Hughes’ adventure-filled, modern-feeling adaptation channels the novel’s optimism. “Fielding thought this was a marvelous world with marvelous people, and the young men and the young women were marvelous.” One such woman, heiress-next-door and Tom’s true love Sophia Western (Sophie Wilde), defies expectations. Hughes said, “You might think, ‘Oh, she’s going to be pink and fluffy and simple and awful, but she isn’t. She’s fantastically adventurous and feisty and sharp-witted. Sophia knows what she wants and she goes for it.” As for our hero, Hughes said, “Tom is an innocent, a child of nature, just the perfect young lad. He’s 19 years old, so of course he’s a bit of an idiot. Give him time to find his way to the real Tom, the adult Tom who he’s going to be.”
The net result? “It’s full of sunshine. Bad things happen, sad things happen—but not many!—and it’s just massively gorgeous and colorful and romantic.”
- 2.
It's the Original Rom-Com
When she first read Tom Jones, Hughes was surprised to discover that it was perhaps the first ever romantic comedy! According to Hughes, it hits all the classic romantic comedy beats: “There’s a lot of bad timing, where people arrive and see something they don’t understand, and people leave just before something important happens. And people change at different rates, so they fall out of love, fall back in love, at different times and in different places. And there’s a lot of comedic misunderstanding. Because otherwise, you would get there in five minutes, wouldn’t you? There’s got to be these challenges and misunderstandings and temptations to go in other directions.”
- 3.
Tom Jones is Funny
In her adaptation of Tom Jones, Hughes found endless humor in her source material. “It’s sort of wild, and English, and just what you’d be expecting of a great English classic, only jollier somehow, because it’s the 18th century. Some of the humor is quite broad. Henry Fielding was a dramatist, a stage man, so a lot of stuff is staged in a very funny way—pratfalls, people behaving like idiots. But there’s a lot of witty observational comedy as well, about what characters and families are like.”

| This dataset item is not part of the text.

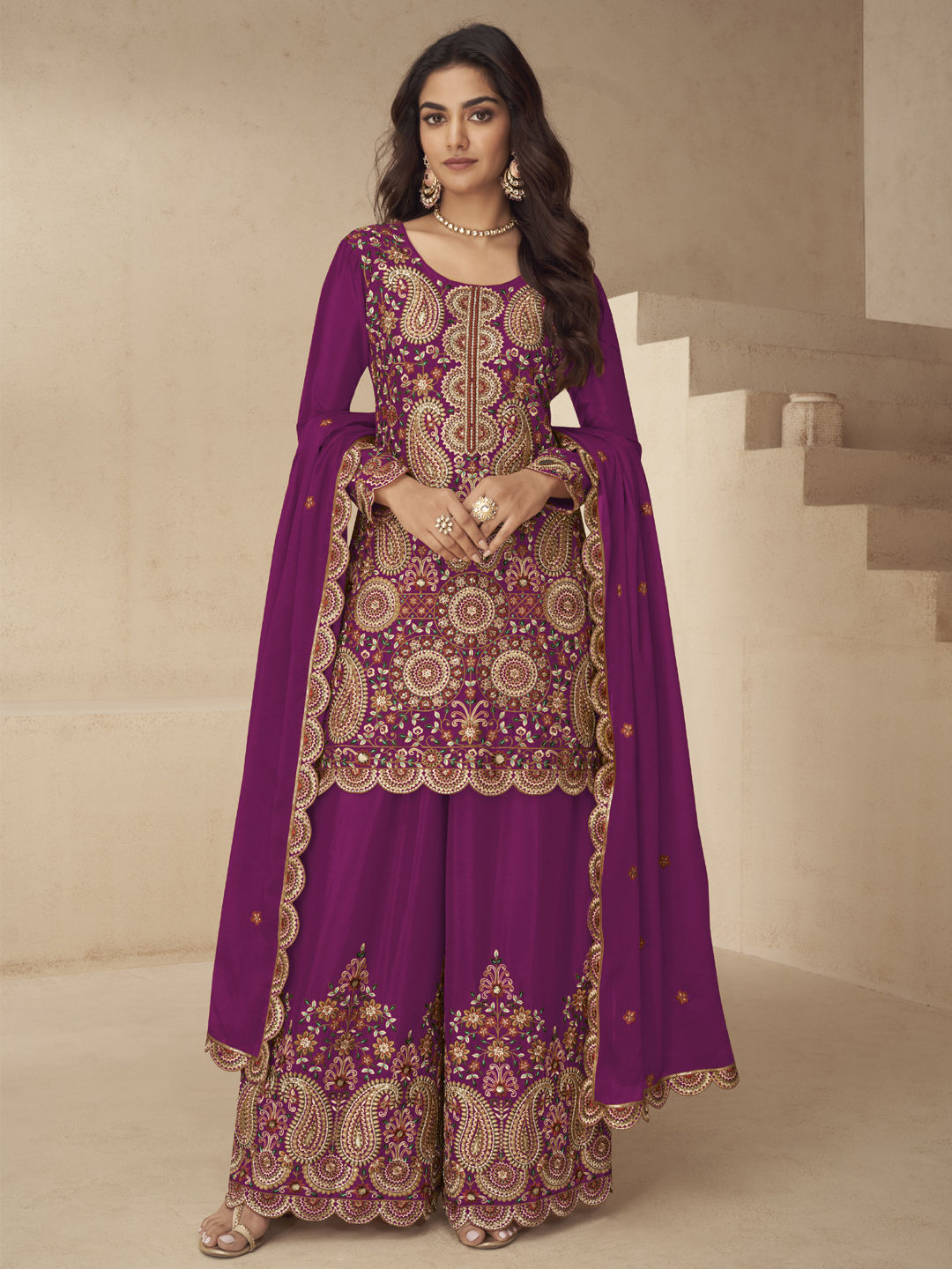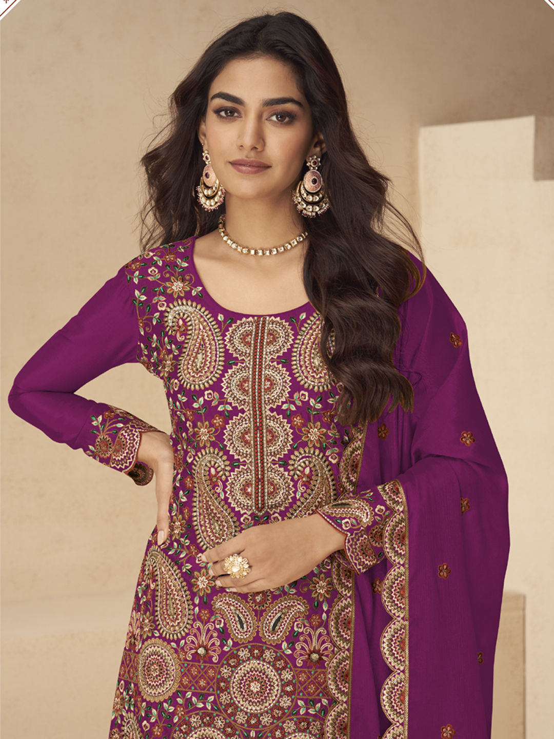 Chinon Silk Wedding Salwar Kameez in Purple and Violet with Thread work

And Hughes promised some rich high comedy to be had along Tom’s journey, “…particularly when he gets to London and starts mixing with these society ladies, the main one of whom is played brilliantly by Hannah Waddingham, who just picks this part up, the fox, and runs away with it!”
- 4.
It Found its Ideal Tom Jones, Solly McLeod
Finding the production’s leading man proved much harder than anticipated. Hughes described what they were looking for as, “He’s got to be absolutely gorgeous, only 19 or 20 years old, sunny, lovely, handsome, catnip to women, and also virtuous, and you’ve got to love him. Tom has to look like the village cricket captain.” They interviewed close to 100 young actors but none of them were Tom. “I just thought they all looked a bit angsty and a bit young and modern, and like they’d been up all night writing poetry.” But then they saw newcomer Solly McLeod’s tape and found their village cricket captain. According to Hughes, “He’s tall and handsome, but there’s an innocence to him, something about the way he is physically and the way he acts, wherein I buy that this is a lovely young fellow who just can’t quite get his act together, to grow up yet. And I said, ‘That’s it, that’s my Tom. Hire him.’”
- 5.
Tom Jones Stars Hannah Waddingham
When it came to casting the role of rich and influential seductress Lady Bellaston, the production needed someone ready to be vulnerable and exposed, even while acting villainous and behaving badly. They also needed someone very funny who would have to work hard to make the audience like them. Enter Hannah Waddingham (Ted Lasso)! “It’s a fantastic role, and she’s just jaw-droppingly good in it.” Hughes said. ” I think what Hannah liked was the bigness of it, the costumes and the sort of madness and sexiness of the whole thing. She loved all that, but she also liked the vulnerability side—she said that she’d taken the role because she liked the fact that we showed Lady Bellaston’s vulnerability. It was thrilling to get her, and she’s extraordinary. A goddess, really.”